Colloquium: Tuesday, May 15, 2 pm. Speaker: Daniel Sternheimer (Keio University). Title: “The reasonable effectiveness of mathematical deformation theory in physics”.

New fundamental physical theories can, so far a posteriori, be seen as emerging from existing ones via some kind of deformation. That is the basis for Flato’s “deformation philosophy”, of which the main paradigms are the physics revolutions from the beginning of the twentieth century, quantum mechanics (via deformation quantization) and special relativity. On the basis of these facts we explain how symmetries of hadrons (strongly interacting elementary particles) could “emerge” by deforming in some sense (including quantization) the Anti de Sitter symmetry (AdS), itself a deformation of the Poincaré group of special relativity.

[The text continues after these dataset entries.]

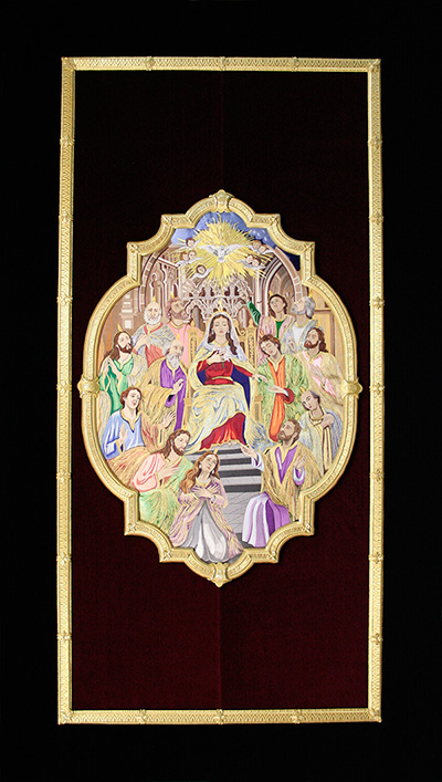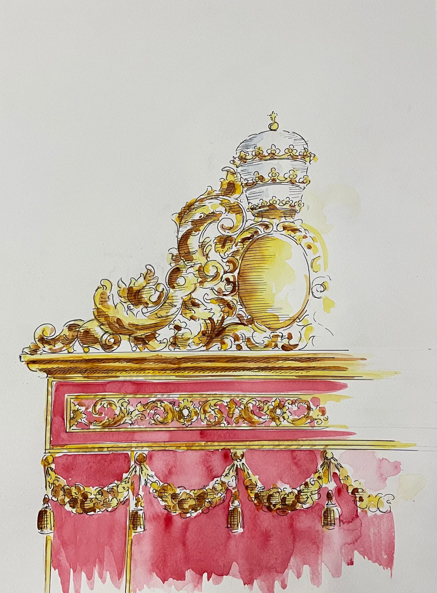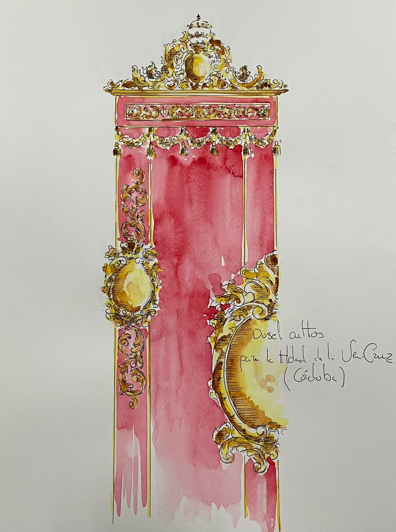 El diseño mantiene una clara armonía estética con el templete que en su día realizara el propio artista para nuestra corporación, siguiendo sus mismas líneas estilísticas y su lenguaje ornamental. De este modo, la nueva cubrepeana no solo enriquece el conjunto artístico que rodea la imagen de Nuestro Señor de los Reyes, sino que también contribuirá a realzar su presencia y solemnidad en la capilla del Sagrario.
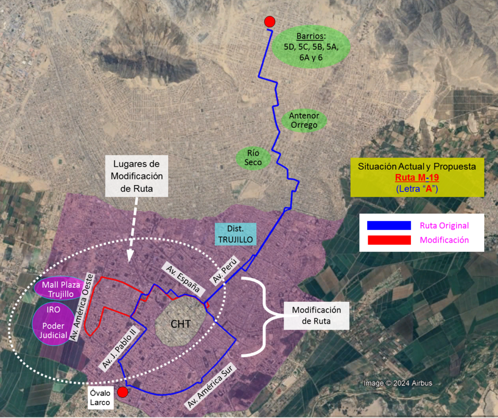 La propuesta para su nueva ruta es solo para una parte de su recorrido en el distrito de Trujillo, desde el cruce de avenida España con avenida Perú, hasta América Oeste.
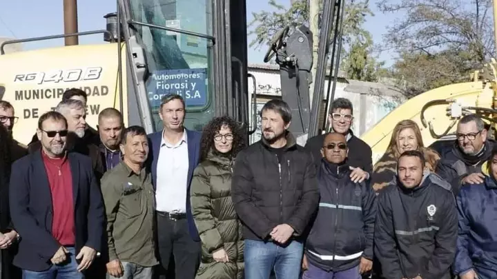 El intendente de Trelew, Gerardo Merino, encabezó la presentación de una camioneta 0 KM y una motoniveladora que fue reparada; unidades que pasarán a formar parte de los trabajos operativos que realiza a diario el Municipio.

The ultimate goal is to base on fundamental principles the dynamics of strong interactions, which originated over half a century ago from empirically guessed “internal” symmetries.  We start with a rapid presentation of the physical (hadrons) and mathematical (deformation theory) contexts, including a possible explanation of photons as composites of AdS singletons and of leptons as similar composites.  Then we present a “model generating” framework in which AdS would be deformed and quantized (possibly at root of unity and/or in manner not yet mathematically developed with  noncommutative “parameters”).  That would give (using deformations) a space-time origin to the “internal” symmetries of elementary particles, on which their dynamics were based, and either question, or give a conceptually solid base to, the Standard Model, in line with Einstein’s quotation: “The important thing is not to stop questioning. Curiosity has its own reason for existing.”